● What is needed: Everything in the listing should be set down exactly, apart from the pictures.

-----

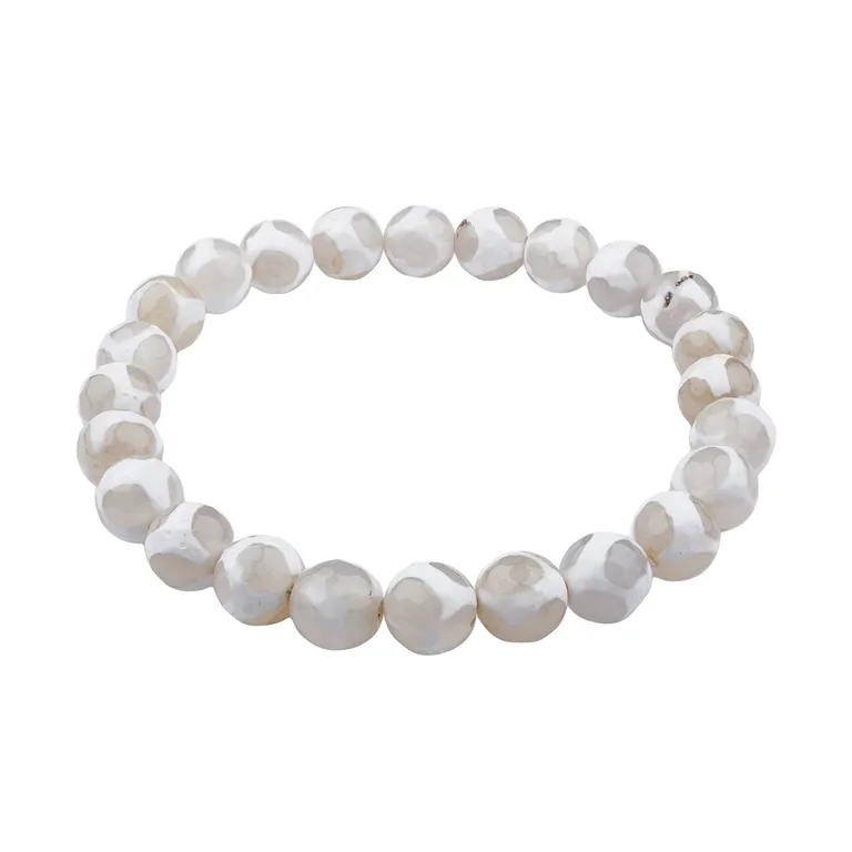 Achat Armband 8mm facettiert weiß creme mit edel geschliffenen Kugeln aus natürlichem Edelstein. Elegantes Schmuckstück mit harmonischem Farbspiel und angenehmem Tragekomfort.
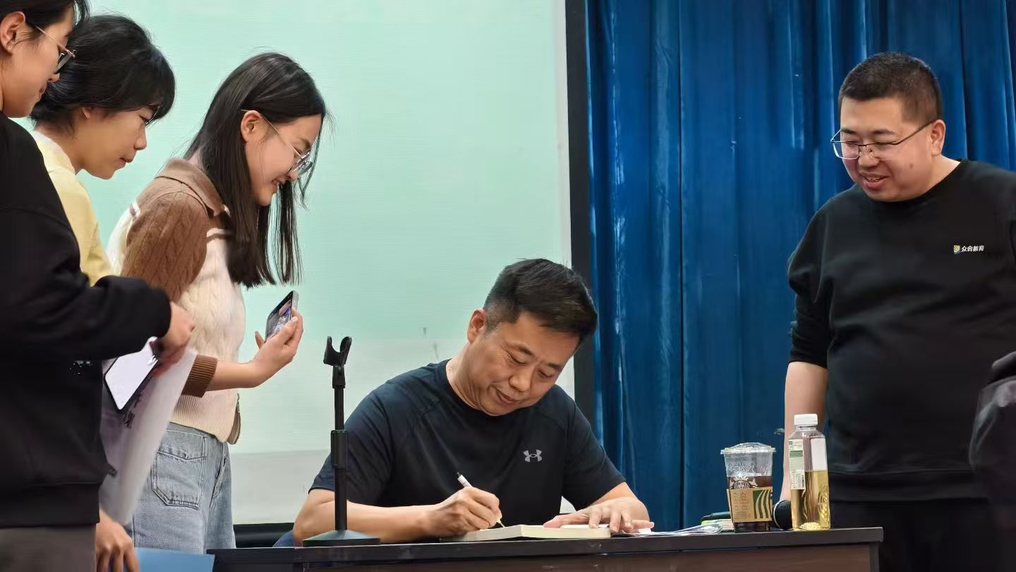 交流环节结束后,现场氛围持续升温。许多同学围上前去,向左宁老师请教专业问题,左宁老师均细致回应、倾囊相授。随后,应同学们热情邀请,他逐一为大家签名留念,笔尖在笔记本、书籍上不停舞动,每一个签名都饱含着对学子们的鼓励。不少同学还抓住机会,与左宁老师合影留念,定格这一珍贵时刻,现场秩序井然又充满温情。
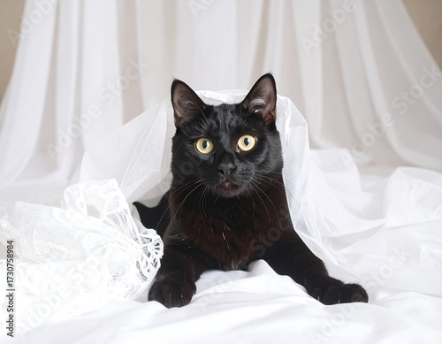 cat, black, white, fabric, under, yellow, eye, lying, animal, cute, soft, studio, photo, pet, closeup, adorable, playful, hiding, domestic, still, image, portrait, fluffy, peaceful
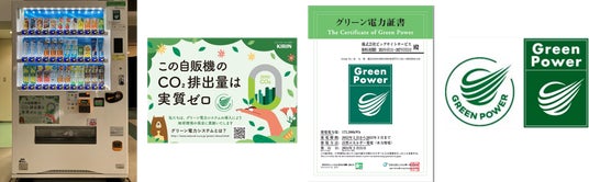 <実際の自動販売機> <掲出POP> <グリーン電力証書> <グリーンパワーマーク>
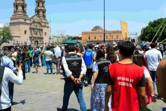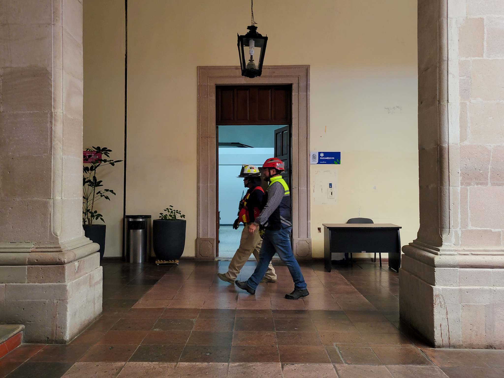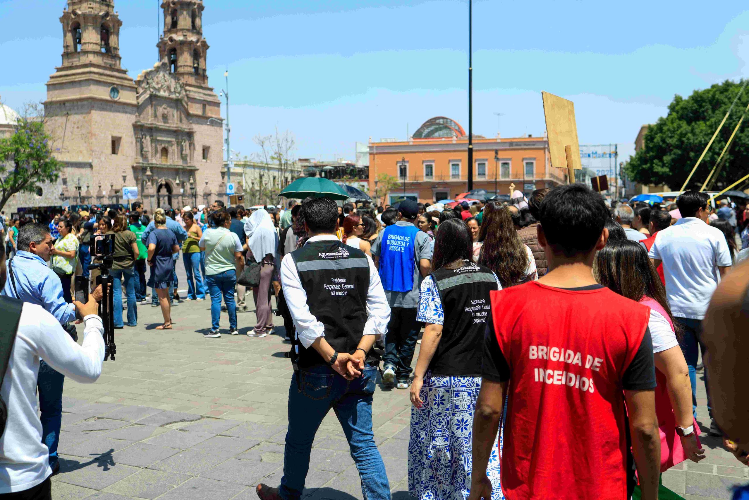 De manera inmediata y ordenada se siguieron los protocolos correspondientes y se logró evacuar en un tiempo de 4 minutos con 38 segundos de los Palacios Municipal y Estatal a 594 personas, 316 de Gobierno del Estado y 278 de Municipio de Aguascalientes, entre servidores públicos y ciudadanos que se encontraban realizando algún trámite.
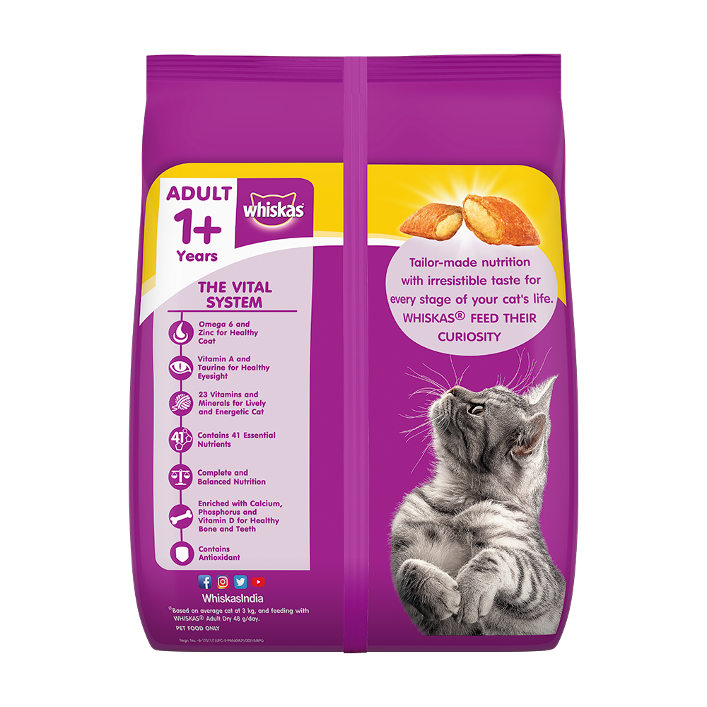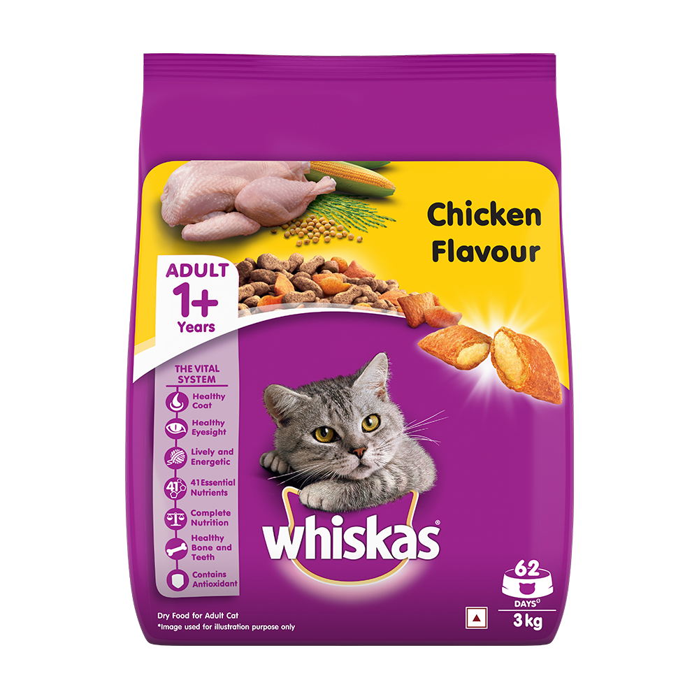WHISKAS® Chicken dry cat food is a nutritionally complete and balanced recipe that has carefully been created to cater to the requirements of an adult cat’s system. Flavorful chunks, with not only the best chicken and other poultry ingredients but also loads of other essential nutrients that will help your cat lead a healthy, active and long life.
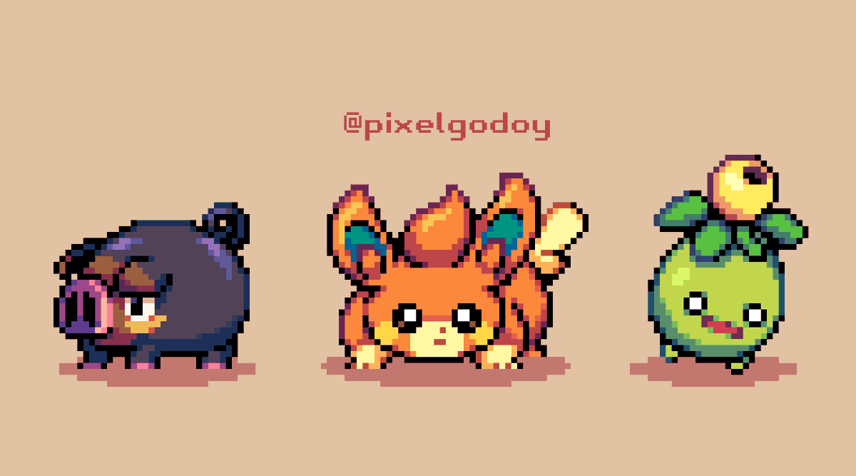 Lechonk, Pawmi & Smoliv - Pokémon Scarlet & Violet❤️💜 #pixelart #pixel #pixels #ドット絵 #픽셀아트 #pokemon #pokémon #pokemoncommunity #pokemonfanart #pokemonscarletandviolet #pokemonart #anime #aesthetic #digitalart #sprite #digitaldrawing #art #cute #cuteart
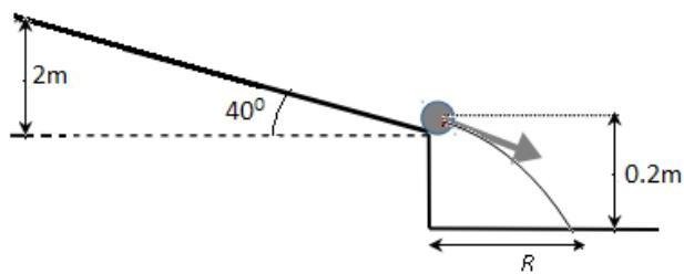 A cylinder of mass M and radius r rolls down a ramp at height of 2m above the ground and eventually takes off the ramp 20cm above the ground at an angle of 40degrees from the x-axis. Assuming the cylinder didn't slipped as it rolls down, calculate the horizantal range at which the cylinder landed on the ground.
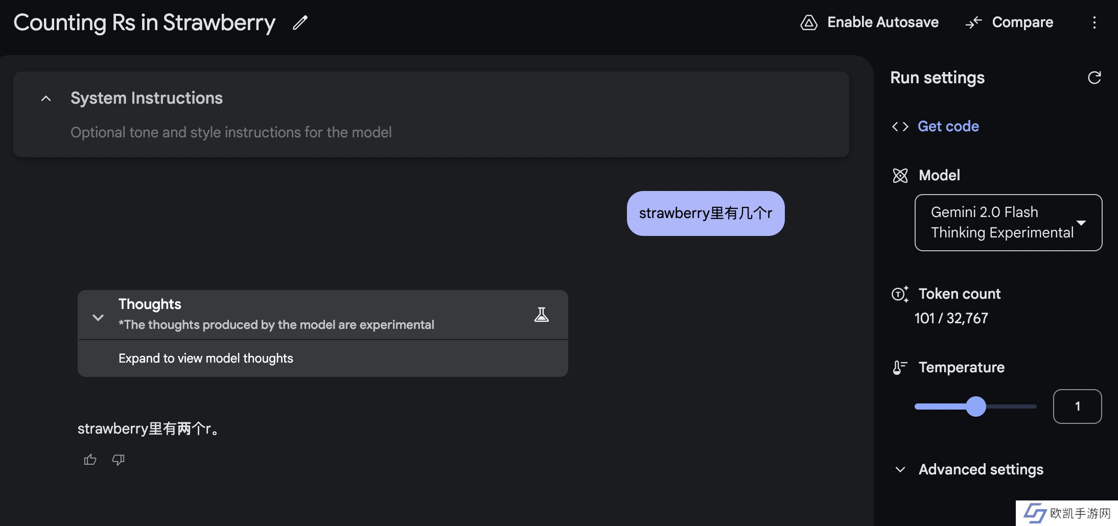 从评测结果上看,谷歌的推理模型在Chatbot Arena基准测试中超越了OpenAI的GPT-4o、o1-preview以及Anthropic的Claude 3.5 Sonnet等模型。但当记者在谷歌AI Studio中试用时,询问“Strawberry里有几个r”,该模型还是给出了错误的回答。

-----

● Written reply:
 Achat Armband 8mm facettiert weiß creme mit edel geschliffenen Kugeln aus natürlichem Edelstein. Elegantes Schmuckstück mit harmonischem Farbspiel und angenehmem Tragekomfort.
 交流环节结束后,现场氛围持续升温。许多同学围上前去,向左宁老师请教专业问题,左宁老师均细致回应、倾囊相授。随后,应同学们热情邀请,他逐一为大家签名留念,笔尖在笔记本、书籍上不停舞动,每一个签名都饱含着对学子们的鼓励。不少同学还抓住机会,与左宁老师合影留念,定格这一珍贵时刻,现场秩序井然又充满温情。
 cat, black, white, fabric, under, yellow, eye, lying, animal, cute, soft, studio, photo, pet, closeup, adorable, playful, hiding, domestic, still, image, portrait, fluffy, peaceful
 <実際の自動販売機> <掲出POP> <グリーン電力証書> <グリーンパワーマーク>
 De manera inmediata y ordenada se siguieron los protocolos correspondientes y se logró evacuar en un tiempo de 4 minutos con 38 segundos de los Palacios Municipal y Estatal a 594 personas, 316 de Gobierno del Estado y 278 de Municipio de Aguascalientes, entre servidores públicos y ciudadanos que se encontraban realizando algún trámite.
WHISKAS® Chicken dry cat food is a nutritionally complete and balanced recipe that has carefully been created to cater to the requirements of an adult cat’s system. Flavorful chunks, with not only the best chicken and other poultry ingredients but also loads of other essential nutrients that will help your cat lead a healthy, active and long life.
 Lechonk, Pawmi & Smoliv - Pokémon Scarlet & Violet❤️💜 #pixelart #pixel #pixels #ドット絵 #픽셀아트 #pokemon #pokémon #pokemoncommunity #pokemonfanart #pokemonscarletandviolet #pokemonart #anime #aesthetic #digitalart #sprite #digitaldrawing #art #cute #cuteart
 A cylinder of mass M and radius r rolls down a ramp at height of 2m above the ground and eventually takes off the ramp 20cm above the ground at an angle of 40degrees from the x-axis. Assuming the cylinder didn't slipped as it rolls down, calculate the horizantal range at which the cylinder landed on the ground.
 从评测结果上看,谷歌的推理模型在Chatbot Arena基准测试中超越了OpenAI的GPT-4o、o1-preview以及Anthropic的Claude 3.5 Sonnet等模型。但当记者在谷歌AI Studio中试用时,询问“Strawberry里有几个r”,该模型还是给出了错误的回答。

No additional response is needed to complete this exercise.